To accompany OpenPhenom-S/16, Recursion is releasing the RxRx3-core dataset, a challenge dataset in phenomics optimized for the research community. RxRx3-core includes labeled images of 735 genetic knockouts and 1,674 small-molecule perturbations drawn from the RxRx3 dataset, image embeddings computed with OpenPhenom-S/16, and associations between the included small molecules and genes. The dataset contains 6-channel Cell Painting images and associated embeddings from 222,601 wells but is less than 18Gb, making it incredibly accessible to the research community.
Mapping the mechanisms by which drugs exert their actions is an important challenge in advancing the use of high-dimensional biological data like phenomics. We are excited to release the first dataset of this scale probing concentration-response along with a benchmark and model to enable the research community to rapidly advance this space.

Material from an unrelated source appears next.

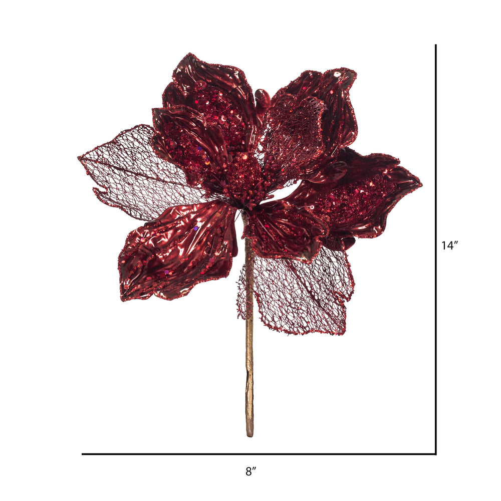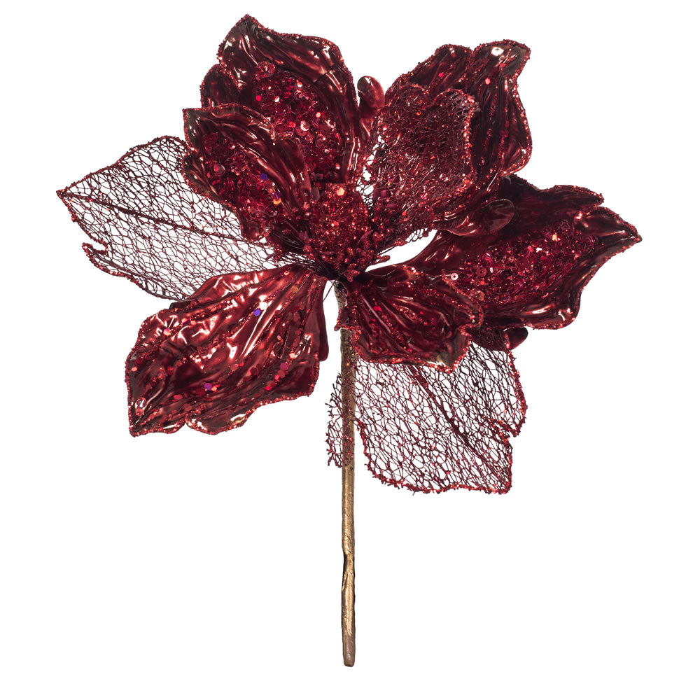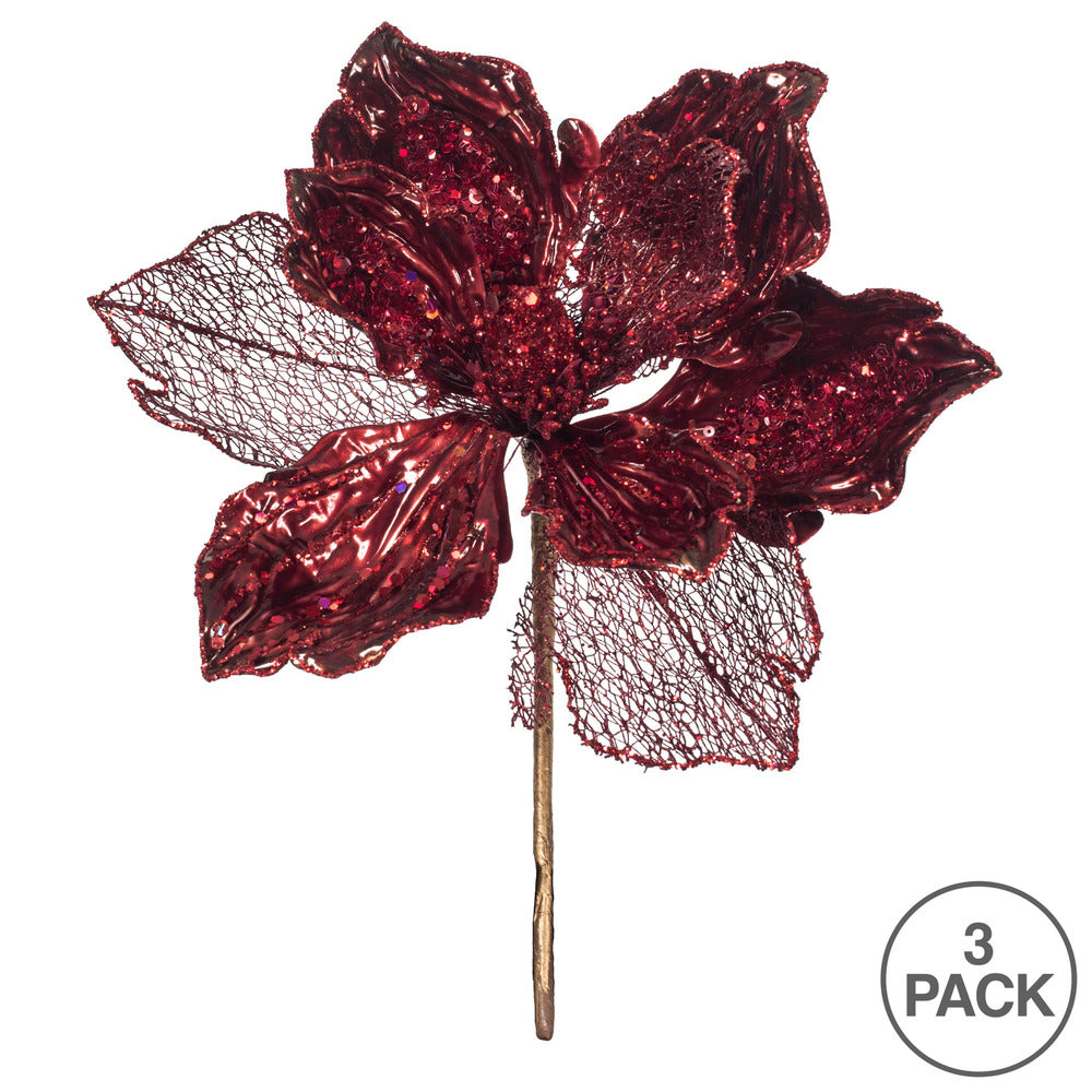 Vickerman 14" Burgundy Pearl Glitter Magnolia Artificial Christmas Stem 3 per Bag

from datasets import load_dataset
rxrx3_core = load_dataset("recursionpharma/rxrx3-core")
from huggingface_hub import hf_hub_download
import pandas as pd
file_path_metadata =
hf_hub_download("recursionpharma/rxrx3-core",
filename="metadata_rxrx3_core.csv",repo_type="dataset")

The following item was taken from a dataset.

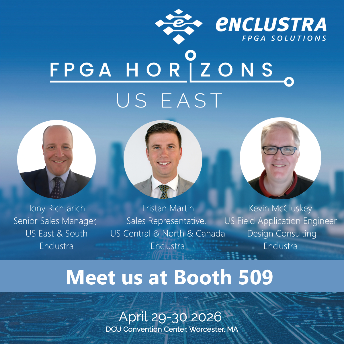 You can also meet Tony Richtarich, Tristan Martin, Sales Rep US & Canada, and Kevin McCluskey, US Field Application Engineer, at Booth 509 to discuss your next FPGA/SoC project and explore the right solution for your design.

file_path_embs = hf_hub_download("recursionpharma/rxrx3-core", filename="OpenPhenom_rxrx3_core_embeddings.parquet",repo_type="dataset")
open_phenom_embeddings = pd.read_parquet(file_path_embs)
rxrx3_core_metadata = pd.read_csv(file_path_metadata)
Benchmarking code for evaluating biological relationship recall and compound-gene activity using this dataset is available in the EFAAR benchmarking repo.